Sesame in a Clustered environment

Sesame has one major advantage in a clustered environment, it stores its content in a database. Im not saying this is good thing, but it just makes it easier to deploy in a clusterd environment where the only thing that is shared is the database. It should be relatively easy to make it work OOTB with Sakai… however, it looks like the default implementation of the Sesame RDBMS Sail driver (this is the RDF Repository abstraction layer) like to get a jdbc url, user name and password. This would be Ok, except that Sakai likes use a Data source.

The solution appears to be to extend various classes within the Sesame core rdbms implementation so that whenever a connection is required it comes from the Sakai data source rather than some separately managed JDBC pool.

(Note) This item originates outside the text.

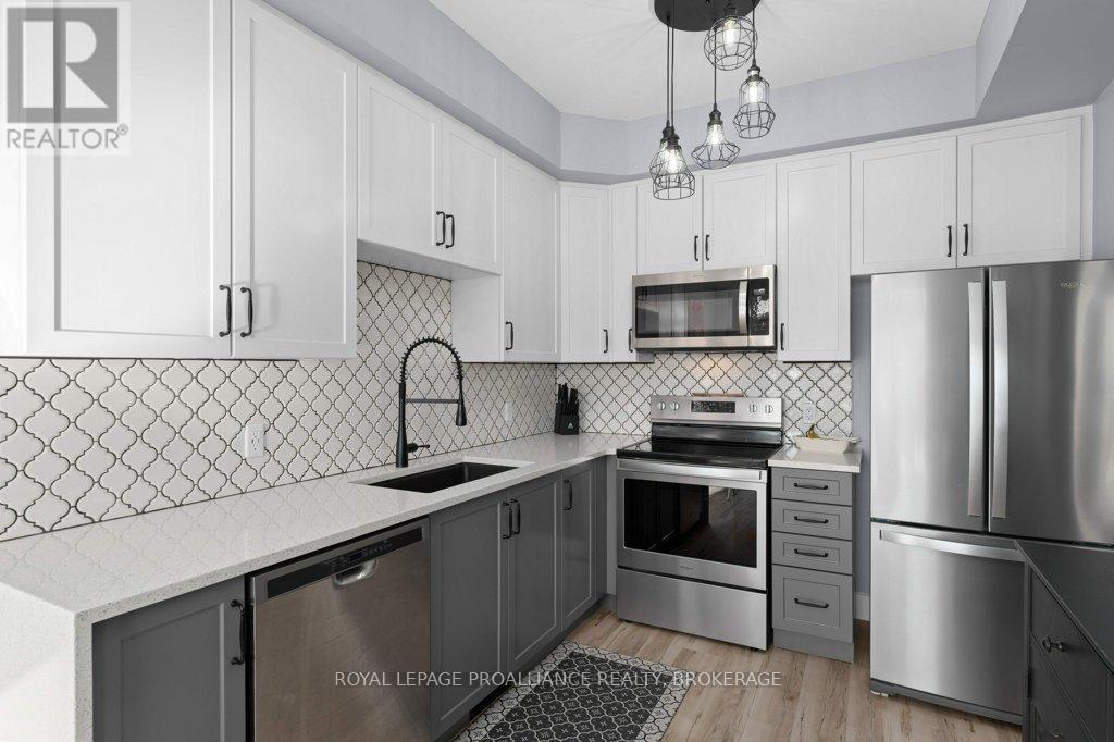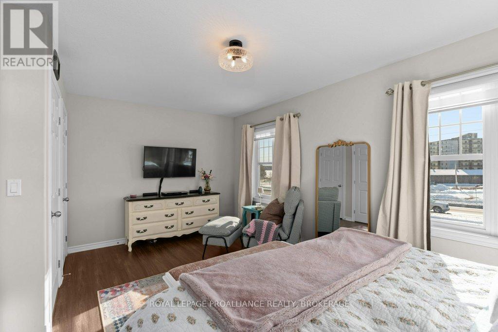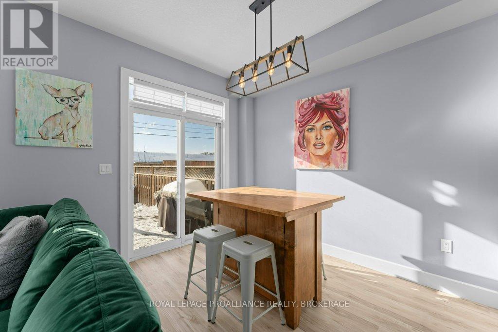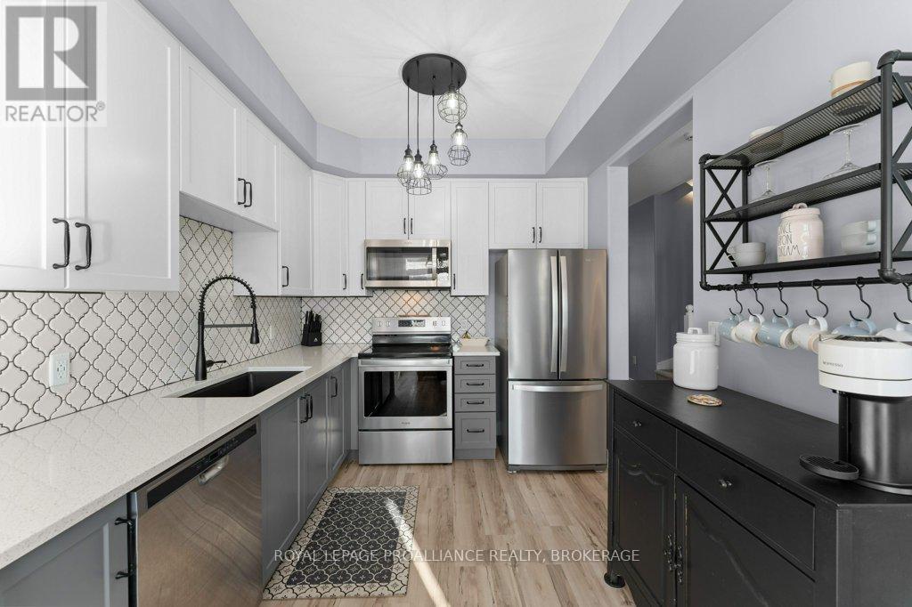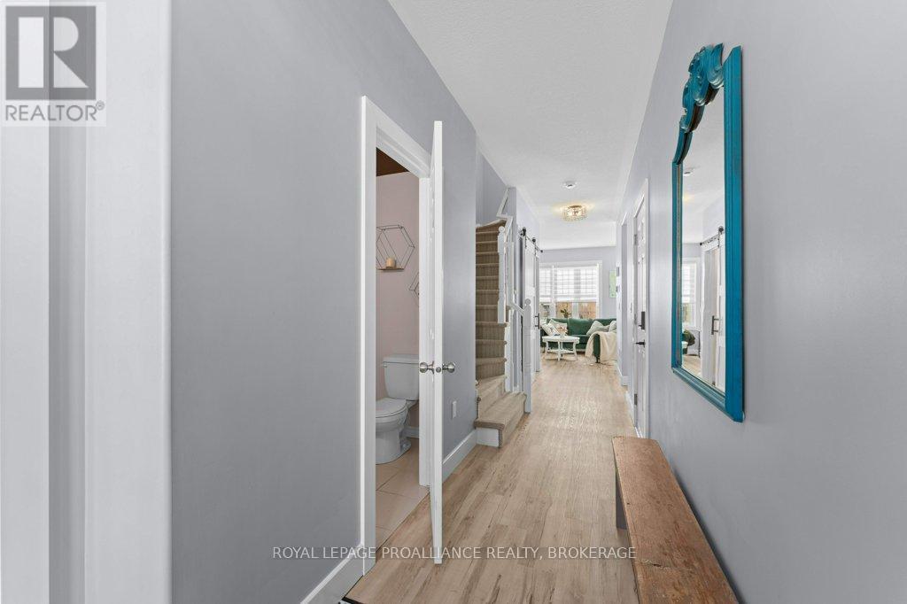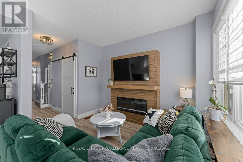 Welcome home to this beautifully maintained 3 bedroom, 2.5 bath town home that blends comfort, style, and smart living. From the moment you arrive, you'll appreciate the hardscaped front yard, offering great curb appeal with low maintenance. Inside, the main floor features an updated kitchen and powder room as well as ample space to gather for living and dining. Newer carpet on the stairs adds a fresh, cozy touch, while modern conveniences like an Ecobee thermostat, Nest camera, and doorbell bring peace of mind and efficiency. All appliances are under five years old, making this home truly move-in ready. Upstairs, the spacious primary bedroom is a true retreat, complete with a walk-in closet and cheater ensuite bath and enjoy views of the river and Waaban Crossing. Two additional bedrooms provide flexibility for family, guests, or a home office. The finished basement expands your living space with a comfortable rec room, a full bathroom, and valuable cold storage. Step outside to a fenced backyard designed for relaxation, featuring a composite deck, pergola, and four newly planted cedars. With an attached garage offering inside entry and thoughtful updates throughout, this town home checks all the boxes for easy, modern living with access to express transit to KGH and Queen's or easy access to CFB Kingston! (42017509)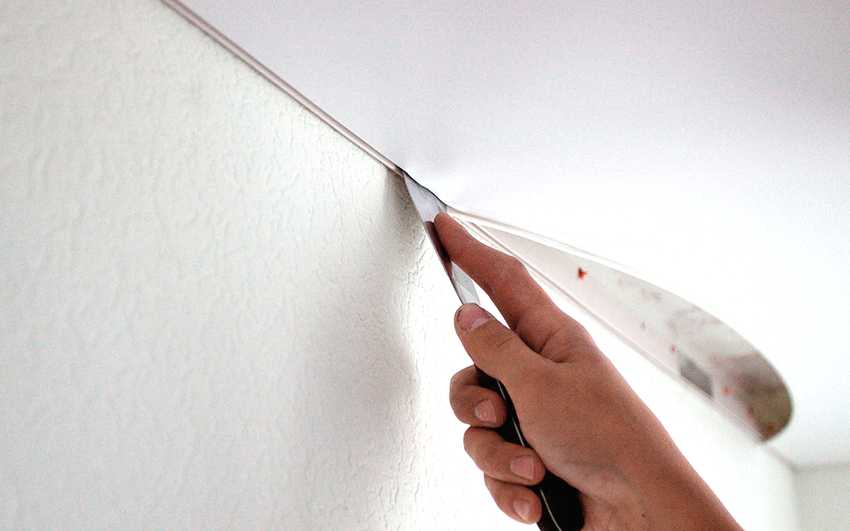- Когда разрез находится не более чем в 10-15 см от стены, его можно запрятать в багет. Для этого необходимо демонтировать часть полотна из профиля, срезать материал до места пореза, приклеить гарпун по краю полотна. Затем, нужно разогреть тепловой пушкой или строительным феном данный участок и плавно заправить полотно в профиль с помощью специального шпателя.

Its not clear at the moment is Sesame is scalable enough to handle the potential number of triples that Sakai will generate. The tests of the Lucene part of the search engine were indexing about 5GB of data representing about 100,000 documents. Performance was perfectly acceptable. If the same document set was to put into a triple store, we will see at least 2M triples, and thats before we start to add in any work site ontology beyond the standard Sakai ontology.

If we get to this size of RDF store, we should also consider using Kowari but with an entirely native index format we might have to employ similar techniques to those used in the Lucene clustered search to make it work. Alternatively we could look at a dedicated RDF server… although I suspect that this would be too much deployment effort for most users.